> **Task details**:
Transcribe every record verbatim; no pictures.

> **The data**:
============================================================
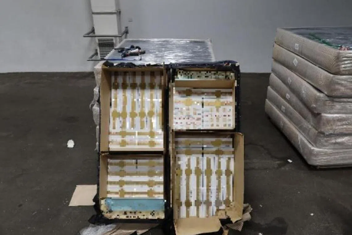 Pegawai kastam telah menemui 2,040 karton rokok tidak dibayar cukai yang dibungkus dalam kotak coklat serta 3,004 karton rokok tidak dibayar cukai disembunyikan di dalam katil sofa.
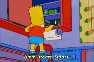 Hmm, stoats. Stoats. Stoats are weasels, Bart. They don't come in cans. Then what's this? That says "corn," Bart. Must you embarrass me?
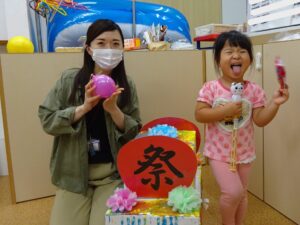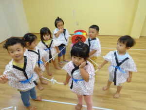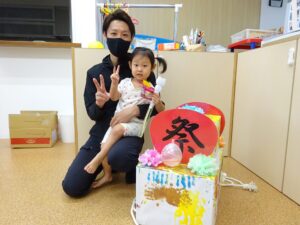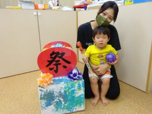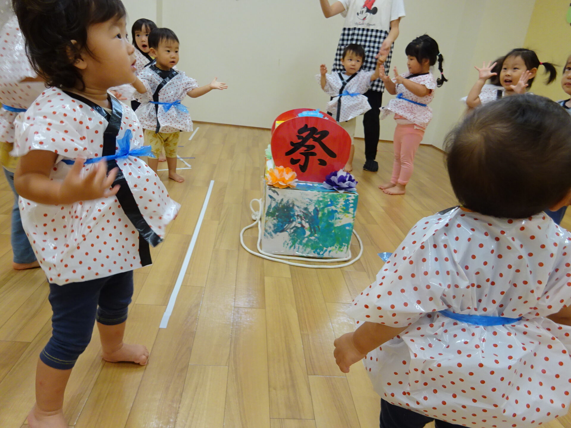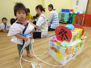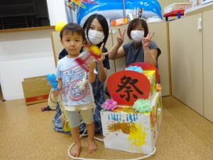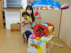 午前中は、手作りの法被を着て盆踊りとお神輿の練り歩き!
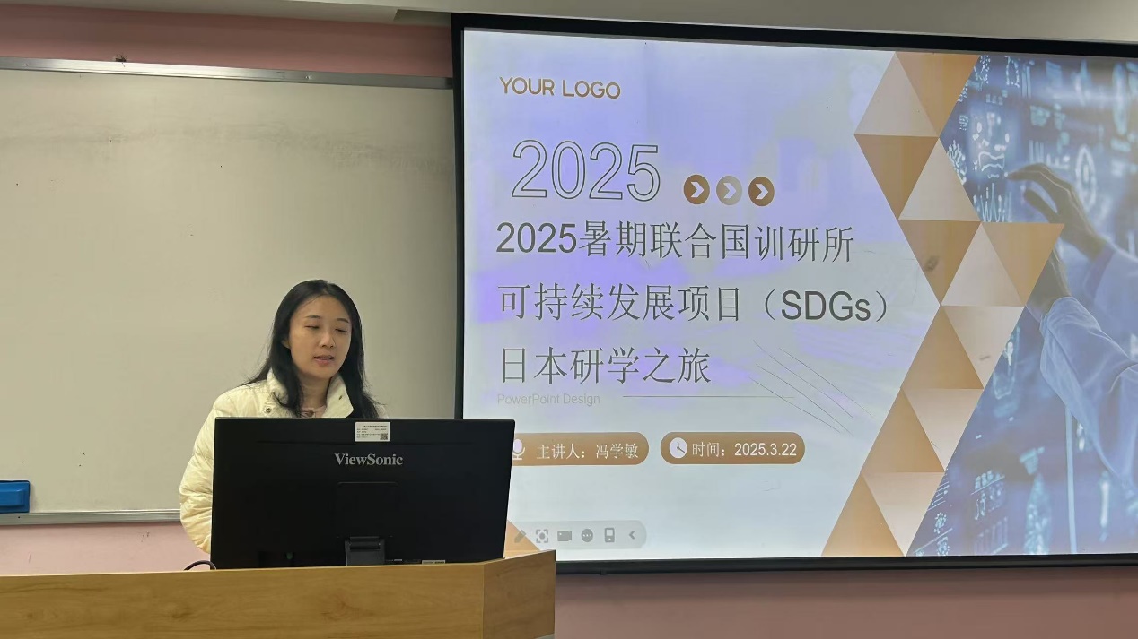 随后,国际处张宇波老师重点向同学们介绍了“大川视界”日本联合国训研所可持续发展项目和新加坡名校进名企实训项目,详细说明了两个项目的日程安排及资助政策,并强调了项目在跨文化交流和就业实训方面的独特优势。
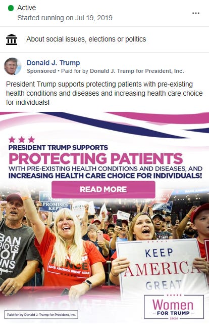 "Women for Trump," however, are told the exact opposite. A Facebook ad claims, "President Trump supports protecting patients with pre-existing conditions."
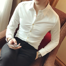 马卢达春装韩版修身衬衫男 英伦纯色长袖衬衣 青年男士商务白衬衫
============================================================
> **Reply**:
 Pegawai kastam telah menemui 2,040 karton rokok tidak dibayar cukai yang dibungkus dalam kotak coklat serta 3,004 karton rokok tidak dibayar cukai disembunyikan di dalam katil sofa.
 Hmm, stoats. Stoats. Stoats are weasels, Bart. They don't come in cans. Then what's this? That says "corn," Bart. Must you embarrass me?
 午前中は、手作りの法被を着て盆踊りとお神輿の練り歩き!
 随后,国际处张宇波老师重点向同学们介绍了“大川视界”日本联合国训研所可持续发展项目和新加坡名校进名企实训项目,详细说明了两个项目的日程安排及资助政策,并强调了项目在跨文化交流和就业实训方面的独特优势。
 "Women for Trump," however, are told the exact opposite. A Facebook ad claims, "President Trump supports protecting patients with pre-existing conditions."
 马卢达春装韩版修身衬衫男 英伦纯色长袖衬衣 青年男士商务白衬衫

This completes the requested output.